== Prompt ==
A single number is required: how many lines in the records below contain "that".

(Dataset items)
┄┄┄┄┄┄┄┄┄┄┄┄┄┄┄┄┄┄┄┄

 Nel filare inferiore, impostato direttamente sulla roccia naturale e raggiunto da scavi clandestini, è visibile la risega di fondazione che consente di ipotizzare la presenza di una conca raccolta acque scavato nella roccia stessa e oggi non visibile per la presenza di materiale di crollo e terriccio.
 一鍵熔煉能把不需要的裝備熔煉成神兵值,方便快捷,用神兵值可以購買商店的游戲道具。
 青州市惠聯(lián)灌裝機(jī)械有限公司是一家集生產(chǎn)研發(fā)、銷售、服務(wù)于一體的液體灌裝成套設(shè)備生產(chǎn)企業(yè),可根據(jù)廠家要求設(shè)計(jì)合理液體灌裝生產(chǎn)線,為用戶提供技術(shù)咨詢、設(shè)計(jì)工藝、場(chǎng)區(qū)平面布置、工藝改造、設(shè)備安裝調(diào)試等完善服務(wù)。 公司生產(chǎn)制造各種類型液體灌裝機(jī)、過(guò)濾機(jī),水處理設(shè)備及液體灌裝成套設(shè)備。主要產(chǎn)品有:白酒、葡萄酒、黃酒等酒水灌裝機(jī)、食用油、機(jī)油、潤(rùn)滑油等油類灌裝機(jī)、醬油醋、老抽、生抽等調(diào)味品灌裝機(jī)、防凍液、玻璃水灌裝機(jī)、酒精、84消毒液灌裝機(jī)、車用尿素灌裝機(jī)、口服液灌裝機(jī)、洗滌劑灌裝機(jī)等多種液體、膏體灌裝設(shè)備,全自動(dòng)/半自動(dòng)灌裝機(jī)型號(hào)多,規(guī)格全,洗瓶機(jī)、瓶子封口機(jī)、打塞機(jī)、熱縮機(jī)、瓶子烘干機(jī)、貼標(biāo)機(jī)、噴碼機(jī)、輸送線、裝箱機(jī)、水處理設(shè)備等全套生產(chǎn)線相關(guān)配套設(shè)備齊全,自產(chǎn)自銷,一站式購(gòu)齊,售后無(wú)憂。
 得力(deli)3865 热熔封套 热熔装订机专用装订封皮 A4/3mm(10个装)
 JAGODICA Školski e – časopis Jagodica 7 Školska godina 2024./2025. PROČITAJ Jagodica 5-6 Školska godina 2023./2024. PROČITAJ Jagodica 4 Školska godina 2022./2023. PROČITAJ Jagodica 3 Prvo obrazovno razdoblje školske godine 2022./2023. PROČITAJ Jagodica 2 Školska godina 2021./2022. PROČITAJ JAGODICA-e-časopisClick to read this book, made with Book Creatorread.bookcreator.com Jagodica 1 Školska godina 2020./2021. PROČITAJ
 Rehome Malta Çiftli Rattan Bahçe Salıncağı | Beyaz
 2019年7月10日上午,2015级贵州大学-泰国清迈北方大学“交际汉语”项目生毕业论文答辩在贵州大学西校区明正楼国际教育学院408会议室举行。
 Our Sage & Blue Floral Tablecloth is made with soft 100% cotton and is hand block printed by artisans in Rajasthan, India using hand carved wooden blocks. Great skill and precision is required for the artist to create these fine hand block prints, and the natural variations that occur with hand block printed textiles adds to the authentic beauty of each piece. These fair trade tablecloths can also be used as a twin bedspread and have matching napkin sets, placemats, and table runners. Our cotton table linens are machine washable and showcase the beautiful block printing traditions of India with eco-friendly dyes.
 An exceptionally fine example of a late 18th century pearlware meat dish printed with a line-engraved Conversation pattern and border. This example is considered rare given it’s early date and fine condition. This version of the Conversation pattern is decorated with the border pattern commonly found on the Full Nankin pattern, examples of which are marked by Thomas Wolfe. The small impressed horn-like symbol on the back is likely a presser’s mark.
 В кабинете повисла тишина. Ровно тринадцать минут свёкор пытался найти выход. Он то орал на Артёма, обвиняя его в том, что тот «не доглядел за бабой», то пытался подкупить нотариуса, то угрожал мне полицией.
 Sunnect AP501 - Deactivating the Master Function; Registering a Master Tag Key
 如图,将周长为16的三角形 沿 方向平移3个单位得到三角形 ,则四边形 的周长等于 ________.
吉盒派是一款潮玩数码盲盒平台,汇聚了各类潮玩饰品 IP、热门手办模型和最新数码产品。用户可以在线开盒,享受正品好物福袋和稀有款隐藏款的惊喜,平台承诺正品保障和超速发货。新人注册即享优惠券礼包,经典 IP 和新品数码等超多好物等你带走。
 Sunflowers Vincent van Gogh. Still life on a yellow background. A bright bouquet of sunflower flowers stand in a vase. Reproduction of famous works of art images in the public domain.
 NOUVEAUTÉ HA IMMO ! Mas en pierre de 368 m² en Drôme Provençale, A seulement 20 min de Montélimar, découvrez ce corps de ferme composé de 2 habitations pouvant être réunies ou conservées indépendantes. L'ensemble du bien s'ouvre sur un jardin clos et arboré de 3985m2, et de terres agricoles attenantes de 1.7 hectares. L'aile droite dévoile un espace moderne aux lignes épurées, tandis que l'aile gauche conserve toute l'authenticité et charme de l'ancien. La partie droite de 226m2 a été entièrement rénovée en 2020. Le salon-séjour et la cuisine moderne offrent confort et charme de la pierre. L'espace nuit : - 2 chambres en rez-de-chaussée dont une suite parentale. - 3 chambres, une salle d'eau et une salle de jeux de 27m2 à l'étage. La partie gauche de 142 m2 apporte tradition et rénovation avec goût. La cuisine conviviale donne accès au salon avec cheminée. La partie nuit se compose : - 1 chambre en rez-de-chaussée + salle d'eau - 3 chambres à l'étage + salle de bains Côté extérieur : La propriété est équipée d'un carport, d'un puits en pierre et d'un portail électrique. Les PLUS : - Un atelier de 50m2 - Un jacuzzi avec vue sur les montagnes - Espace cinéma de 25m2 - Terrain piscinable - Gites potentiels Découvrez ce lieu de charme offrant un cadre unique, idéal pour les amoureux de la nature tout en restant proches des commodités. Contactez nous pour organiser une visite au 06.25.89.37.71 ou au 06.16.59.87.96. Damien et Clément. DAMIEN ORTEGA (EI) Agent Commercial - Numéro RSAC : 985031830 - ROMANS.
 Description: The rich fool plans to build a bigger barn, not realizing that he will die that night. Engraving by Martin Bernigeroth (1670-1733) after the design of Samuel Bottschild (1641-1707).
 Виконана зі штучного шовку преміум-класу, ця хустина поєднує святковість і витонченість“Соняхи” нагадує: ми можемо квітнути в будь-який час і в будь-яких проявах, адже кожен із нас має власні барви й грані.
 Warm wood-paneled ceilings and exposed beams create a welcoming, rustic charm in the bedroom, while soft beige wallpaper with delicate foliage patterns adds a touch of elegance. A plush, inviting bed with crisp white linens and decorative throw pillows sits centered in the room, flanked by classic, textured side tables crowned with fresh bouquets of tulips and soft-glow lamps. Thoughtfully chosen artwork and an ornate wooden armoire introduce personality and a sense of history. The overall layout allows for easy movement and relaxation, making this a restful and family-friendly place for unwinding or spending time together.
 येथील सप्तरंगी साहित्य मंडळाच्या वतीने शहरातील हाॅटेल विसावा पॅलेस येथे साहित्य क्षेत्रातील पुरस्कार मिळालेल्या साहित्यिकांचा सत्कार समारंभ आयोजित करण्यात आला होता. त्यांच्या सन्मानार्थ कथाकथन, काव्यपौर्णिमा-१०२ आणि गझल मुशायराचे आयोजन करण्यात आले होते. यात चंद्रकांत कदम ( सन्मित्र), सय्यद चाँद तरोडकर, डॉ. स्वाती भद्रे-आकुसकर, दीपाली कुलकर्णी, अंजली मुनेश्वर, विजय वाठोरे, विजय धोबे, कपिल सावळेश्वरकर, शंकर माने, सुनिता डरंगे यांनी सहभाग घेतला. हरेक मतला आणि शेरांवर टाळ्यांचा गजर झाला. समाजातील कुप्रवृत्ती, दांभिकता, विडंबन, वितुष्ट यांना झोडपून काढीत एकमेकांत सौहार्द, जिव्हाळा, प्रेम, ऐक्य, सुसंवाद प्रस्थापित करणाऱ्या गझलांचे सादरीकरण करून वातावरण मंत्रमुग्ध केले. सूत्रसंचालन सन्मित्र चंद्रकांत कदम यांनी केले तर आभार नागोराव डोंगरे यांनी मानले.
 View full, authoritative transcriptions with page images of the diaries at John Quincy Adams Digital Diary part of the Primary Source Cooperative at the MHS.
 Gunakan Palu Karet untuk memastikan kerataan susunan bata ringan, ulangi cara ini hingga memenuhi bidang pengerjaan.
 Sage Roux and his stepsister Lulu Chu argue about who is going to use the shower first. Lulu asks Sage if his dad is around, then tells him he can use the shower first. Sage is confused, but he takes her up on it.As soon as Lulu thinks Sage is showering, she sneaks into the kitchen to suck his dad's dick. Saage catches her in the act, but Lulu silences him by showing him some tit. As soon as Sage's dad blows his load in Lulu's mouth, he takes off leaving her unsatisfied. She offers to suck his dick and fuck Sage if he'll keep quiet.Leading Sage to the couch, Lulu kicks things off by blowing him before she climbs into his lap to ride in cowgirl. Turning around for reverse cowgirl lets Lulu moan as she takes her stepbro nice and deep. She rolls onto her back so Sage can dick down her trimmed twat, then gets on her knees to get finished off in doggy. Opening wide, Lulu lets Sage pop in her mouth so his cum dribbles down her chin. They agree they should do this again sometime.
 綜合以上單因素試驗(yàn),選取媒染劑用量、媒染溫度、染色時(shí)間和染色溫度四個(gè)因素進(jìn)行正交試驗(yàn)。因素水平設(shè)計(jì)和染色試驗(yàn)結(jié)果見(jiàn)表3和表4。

┄┄┄┄┄┄┄┄┄┄┄┄┄┄┄┄┄┄┄┄

== Exercise answer ==
2